● **TASK INPUT**:
________________________

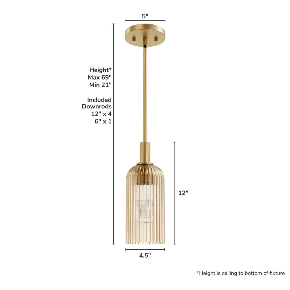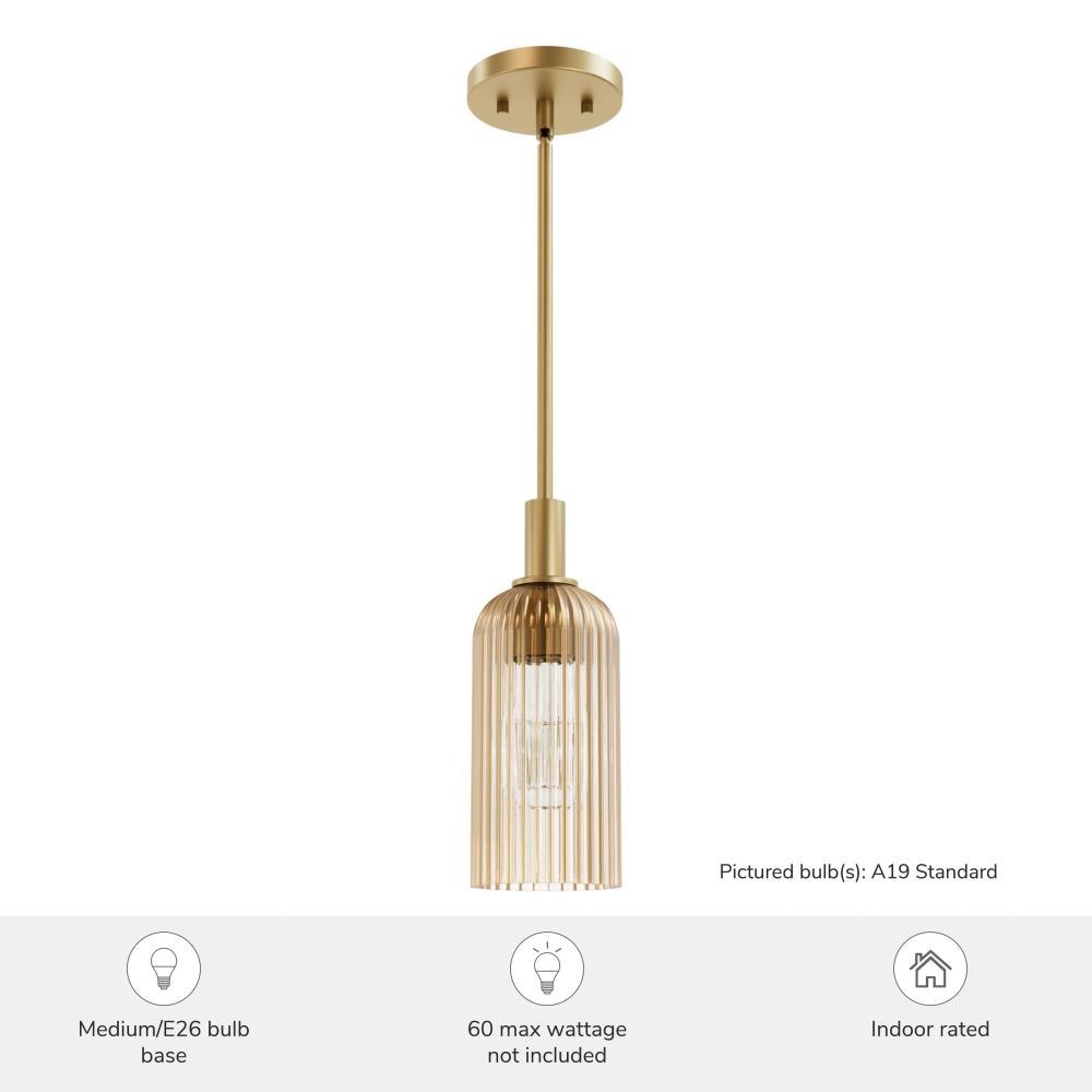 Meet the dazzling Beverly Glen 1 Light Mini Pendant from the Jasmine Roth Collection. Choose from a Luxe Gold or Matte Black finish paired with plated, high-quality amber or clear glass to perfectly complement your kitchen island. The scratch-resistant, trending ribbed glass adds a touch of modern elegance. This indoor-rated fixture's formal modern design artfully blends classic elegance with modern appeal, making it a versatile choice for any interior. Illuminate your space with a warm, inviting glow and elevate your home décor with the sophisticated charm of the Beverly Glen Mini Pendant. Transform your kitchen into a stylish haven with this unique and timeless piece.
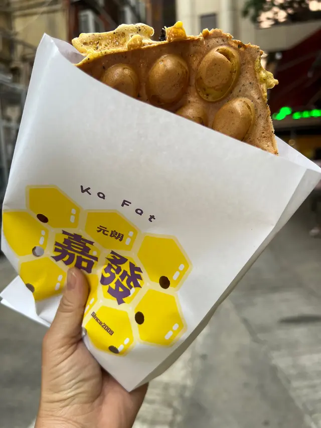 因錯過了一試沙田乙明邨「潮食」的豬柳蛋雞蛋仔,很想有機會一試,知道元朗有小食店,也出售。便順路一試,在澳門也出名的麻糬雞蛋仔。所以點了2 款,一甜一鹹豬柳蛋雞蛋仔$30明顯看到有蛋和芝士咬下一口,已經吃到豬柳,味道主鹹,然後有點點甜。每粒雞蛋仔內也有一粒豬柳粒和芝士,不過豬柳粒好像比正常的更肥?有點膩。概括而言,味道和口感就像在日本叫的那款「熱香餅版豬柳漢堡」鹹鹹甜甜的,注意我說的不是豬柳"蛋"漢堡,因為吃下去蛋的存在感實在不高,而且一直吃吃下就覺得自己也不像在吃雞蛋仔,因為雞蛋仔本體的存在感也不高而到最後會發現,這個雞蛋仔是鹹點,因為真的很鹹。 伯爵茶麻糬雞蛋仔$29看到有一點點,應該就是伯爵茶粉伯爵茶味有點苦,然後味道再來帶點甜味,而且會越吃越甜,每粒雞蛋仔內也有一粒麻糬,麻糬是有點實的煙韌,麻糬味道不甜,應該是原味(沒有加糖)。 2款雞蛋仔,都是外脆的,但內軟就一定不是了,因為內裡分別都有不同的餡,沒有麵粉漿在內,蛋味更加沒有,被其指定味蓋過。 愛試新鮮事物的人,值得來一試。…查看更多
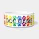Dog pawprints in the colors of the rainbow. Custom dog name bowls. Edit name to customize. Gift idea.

________________________

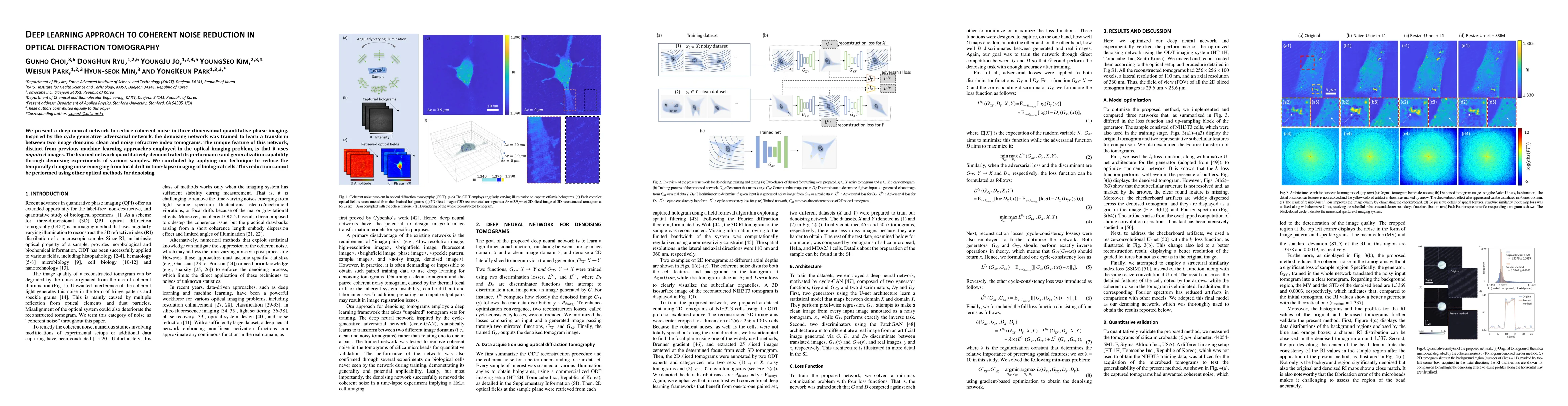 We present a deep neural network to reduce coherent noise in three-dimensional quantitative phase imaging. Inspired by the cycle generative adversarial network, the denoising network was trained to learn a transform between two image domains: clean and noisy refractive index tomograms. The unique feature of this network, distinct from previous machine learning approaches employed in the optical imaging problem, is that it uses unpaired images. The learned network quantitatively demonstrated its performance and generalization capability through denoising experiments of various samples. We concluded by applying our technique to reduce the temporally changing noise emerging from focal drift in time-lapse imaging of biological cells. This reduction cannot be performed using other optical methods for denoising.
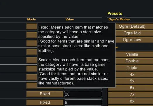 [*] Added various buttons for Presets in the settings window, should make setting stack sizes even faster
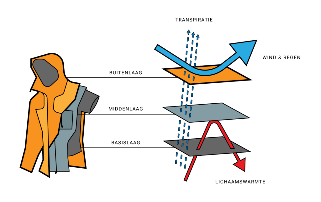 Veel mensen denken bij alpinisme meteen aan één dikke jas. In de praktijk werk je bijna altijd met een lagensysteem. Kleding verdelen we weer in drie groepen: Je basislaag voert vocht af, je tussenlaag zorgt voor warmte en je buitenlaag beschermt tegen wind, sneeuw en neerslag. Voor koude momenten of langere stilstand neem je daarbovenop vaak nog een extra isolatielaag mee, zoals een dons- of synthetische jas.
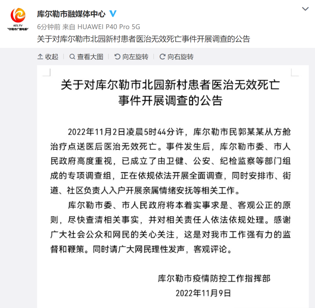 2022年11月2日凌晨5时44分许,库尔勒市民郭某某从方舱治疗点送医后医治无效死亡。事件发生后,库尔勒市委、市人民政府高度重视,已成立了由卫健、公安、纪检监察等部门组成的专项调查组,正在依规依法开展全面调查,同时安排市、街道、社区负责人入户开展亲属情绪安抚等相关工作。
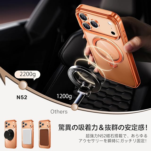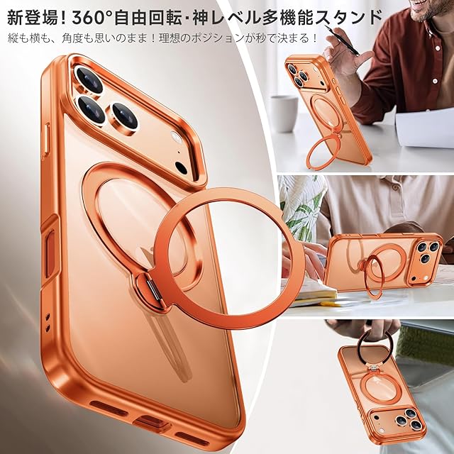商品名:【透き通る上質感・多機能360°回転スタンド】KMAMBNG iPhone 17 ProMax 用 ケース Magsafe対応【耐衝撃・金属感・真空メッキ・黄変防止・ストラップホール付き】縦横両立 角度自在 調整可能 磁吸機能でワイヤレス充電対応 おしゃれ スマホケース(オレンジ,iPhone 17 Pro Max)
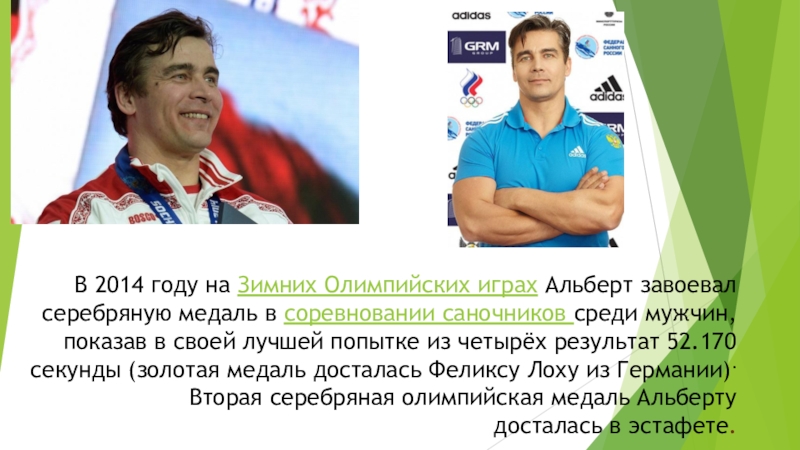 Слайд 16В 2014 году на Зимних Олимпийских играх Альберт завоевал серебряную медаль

________________________

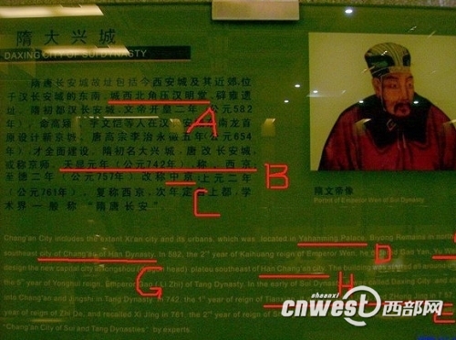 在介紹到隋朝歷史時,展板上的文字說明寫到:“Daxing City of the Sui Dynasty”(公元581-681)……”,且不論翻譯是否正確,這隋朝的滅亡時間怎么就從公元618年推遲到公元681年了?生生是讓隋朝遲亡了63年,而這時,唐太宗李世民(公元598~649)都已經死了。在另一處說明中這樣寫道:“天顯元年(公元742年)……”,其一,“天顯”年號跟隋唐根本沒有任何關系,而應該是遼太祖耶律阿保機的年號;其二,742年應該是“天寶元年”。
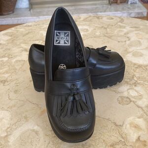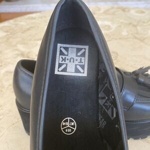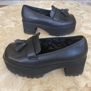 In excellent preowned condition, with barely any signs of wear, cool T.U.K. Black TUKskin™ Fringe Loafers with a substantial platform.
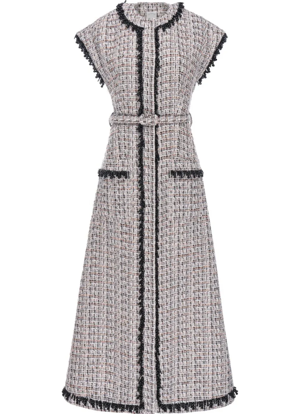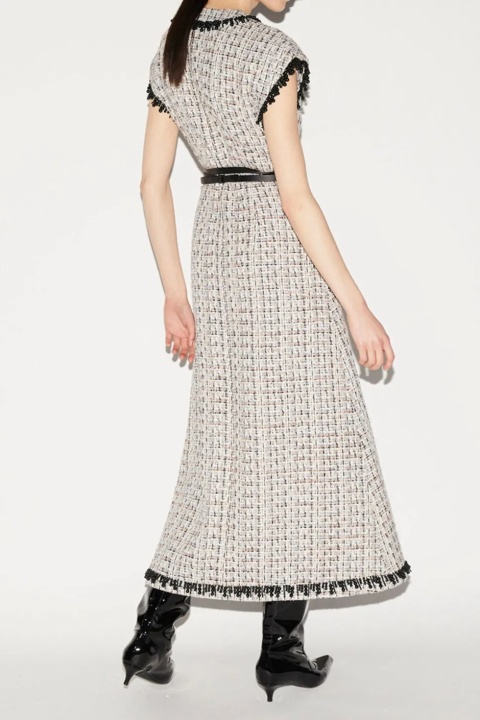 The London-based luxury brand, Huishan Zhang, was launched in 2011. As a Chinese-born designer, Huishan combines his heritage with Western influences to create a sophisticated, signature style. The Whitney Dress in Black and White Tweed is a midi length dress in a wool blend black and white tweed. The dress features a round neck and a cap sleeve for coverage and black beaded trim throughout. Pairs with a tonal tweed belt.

________________________

● **ABOUT THIS EXERCISE**: Using the data above, output the line that has "Veel mensen denken", the line that has "Слайд 16В 2014", and whatever lines fall between, each exactly as it stands and without pictures.

● **SOLUTION BELOW**:
 Veel mensen denken bij alpinisme meteen aan één dikke jas. In de praktijk werk je bijna altijd met een lagensysteem. Kleding verdelen we weer in drie groepen: Je basislaag voert vocht af, je tussenlaag zorgt voor warmte en je buitenlaag beschermt tegen wind, sneeuw en neerslag. Voor koude momenten of langere stilstand neem je daarbovenop vaak nog een extra isolatielaag mee, zoals een dons- of synthetische jas.
 2022年11月2日凌晨5时44分许,库尔勒市民郭某某从方舱治疗点送医后医治无效死亡。事件发生后,库尔勒市委、市人民政府高度重视,已成立了由卫健、公安、纪检监察等部门组成的专项调查组,正在依规依法开展全面调查,同时安排市、街道、社区负责人入户开展亲属情绪安抚等相关工作。
商品名:【透き通る上質感・多機能360°回転スタンド】KMAMBNG iPhone 17 ProMax 用 ケース Magsafe対応【耐衝撃・金属感・真空メッキ・黄変防止・ストラップホール付き】縦横両立 角度自在 調整可能 磁吸機能でワイヤレス充電対応 おしゃれ スマホケース(オレンジ,iPhone 17 Pro Max)
 Слайд 16В 2014 году на Зимних Олимпийских играх Альберт завоевал серебряную медаль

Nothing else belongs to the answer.